◆ Assignment: Exactly the lines from the first line of the records to the line holding "SC. Steam trains" should be duplicated, and nothing more; pictures stay out.

** Opening Source data block **

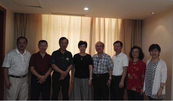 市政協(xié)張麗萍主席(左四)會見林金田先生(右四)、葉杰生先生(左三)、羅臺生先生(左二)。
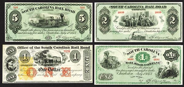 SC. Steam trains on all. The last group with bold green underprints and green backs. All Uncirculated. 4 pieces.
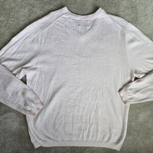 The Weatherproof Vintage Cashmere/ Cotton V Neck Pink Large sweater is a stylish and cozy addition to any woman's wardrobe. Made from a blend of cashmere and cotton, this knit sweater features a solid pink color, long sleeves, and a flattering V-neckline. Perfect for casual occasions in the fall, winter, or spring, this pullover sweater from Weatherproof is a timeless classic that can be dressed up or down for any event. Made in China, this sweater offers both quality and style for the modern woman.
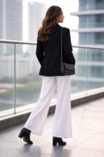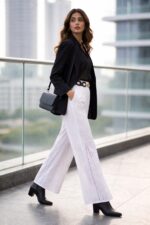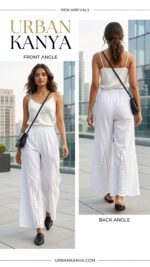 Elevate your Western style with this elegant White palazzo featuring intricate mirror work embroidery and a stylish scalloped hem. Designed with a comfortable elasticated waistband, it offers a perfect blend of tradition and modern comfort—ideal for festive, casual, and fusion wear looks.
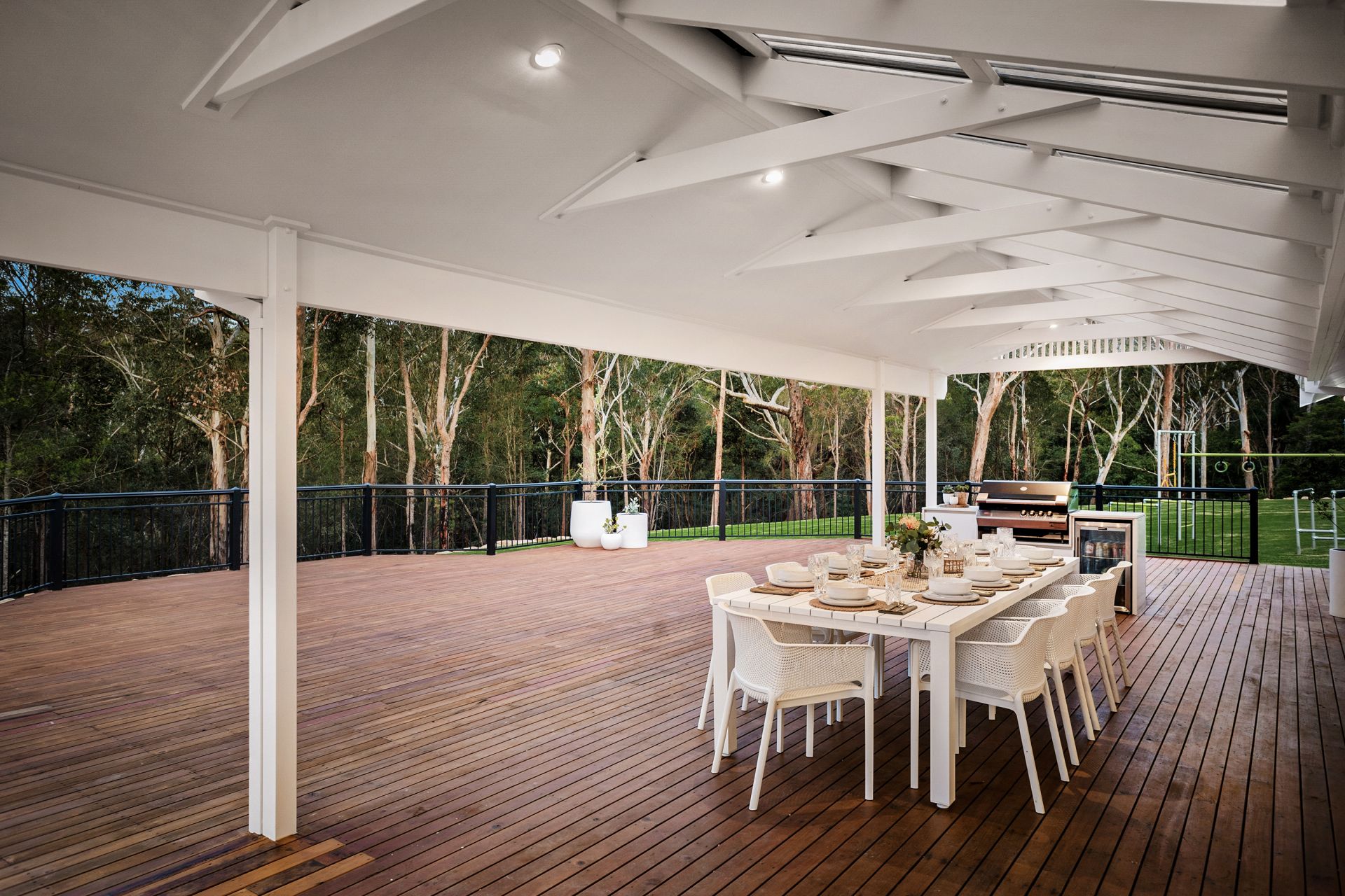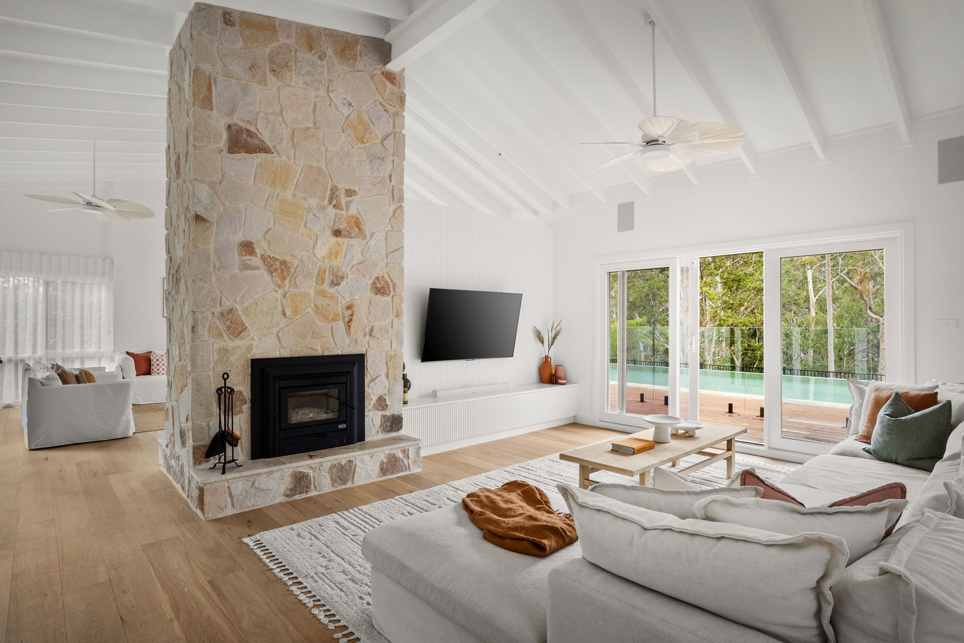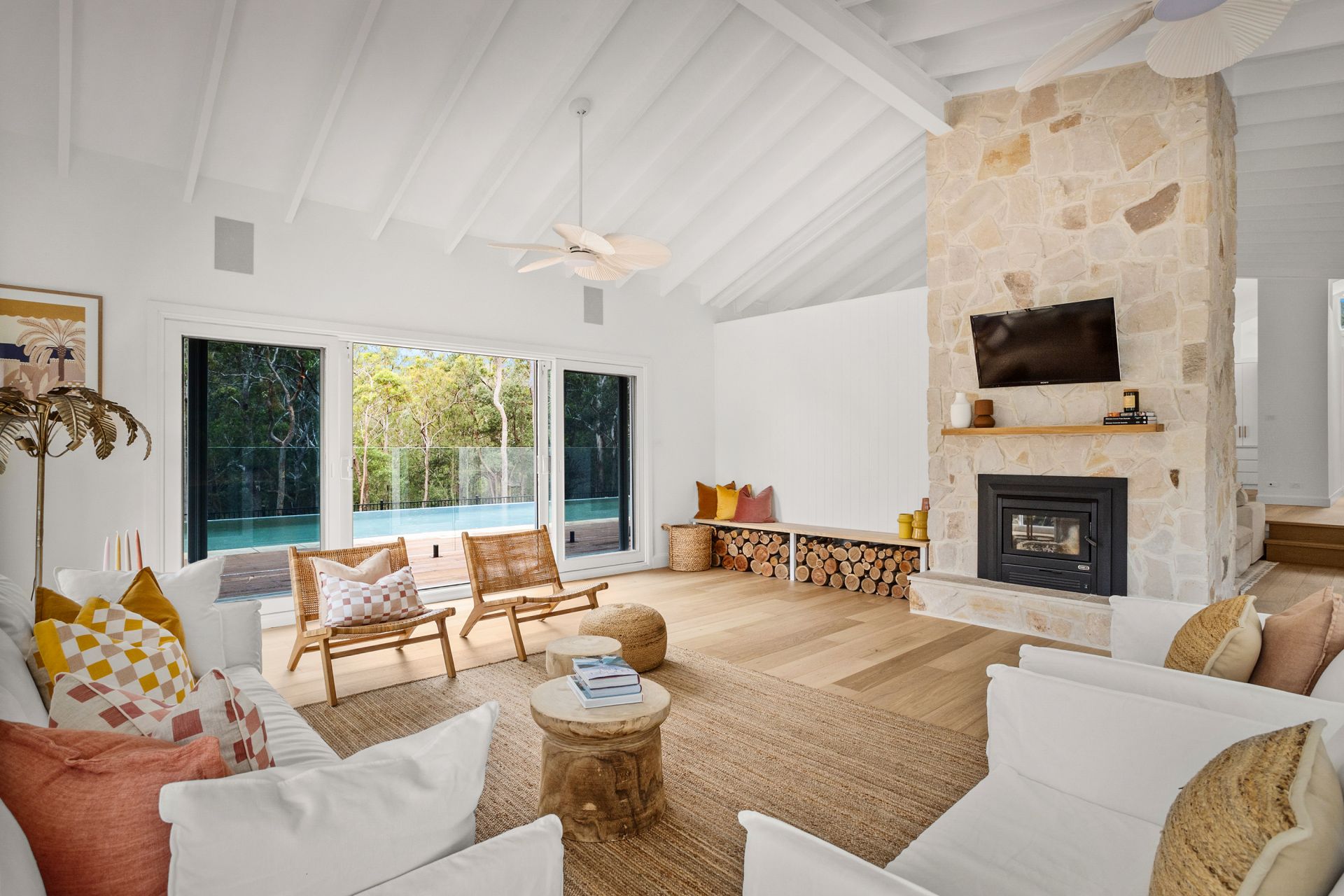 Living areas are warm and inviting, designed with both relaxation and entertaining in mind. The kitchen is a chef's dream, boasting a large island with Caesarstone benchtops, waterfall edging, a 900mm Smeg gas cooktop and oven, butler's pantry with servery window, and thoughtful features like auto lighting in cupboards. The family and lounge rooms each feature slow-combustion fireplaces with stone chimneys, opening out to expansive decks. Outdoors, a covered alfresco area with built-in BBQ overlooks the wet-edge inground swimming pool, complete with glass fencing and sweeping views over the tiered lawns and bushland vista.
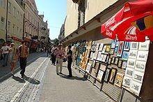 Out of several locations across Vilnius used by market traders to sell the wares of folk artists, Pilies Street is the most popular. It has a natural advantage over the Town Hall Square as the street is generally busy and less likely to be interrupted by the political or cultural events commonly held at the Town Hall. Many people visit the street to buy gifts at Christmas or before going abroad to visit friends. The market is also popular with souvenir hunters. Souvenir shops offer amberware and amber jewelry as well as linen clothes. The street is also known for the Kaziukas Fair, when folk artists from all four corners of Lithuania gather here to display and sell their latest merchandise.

** Closing Source data block **

◆ Exercise response:
 市政協(xié)張麗萍主席(左四)會見林金田先生(右四)、葉杰生先生(左三)、羅臺生先生(左二)。
 SC. Steam trains on all. The last group with bold green underprints and green backs. All Uncirculated. 4 pieces.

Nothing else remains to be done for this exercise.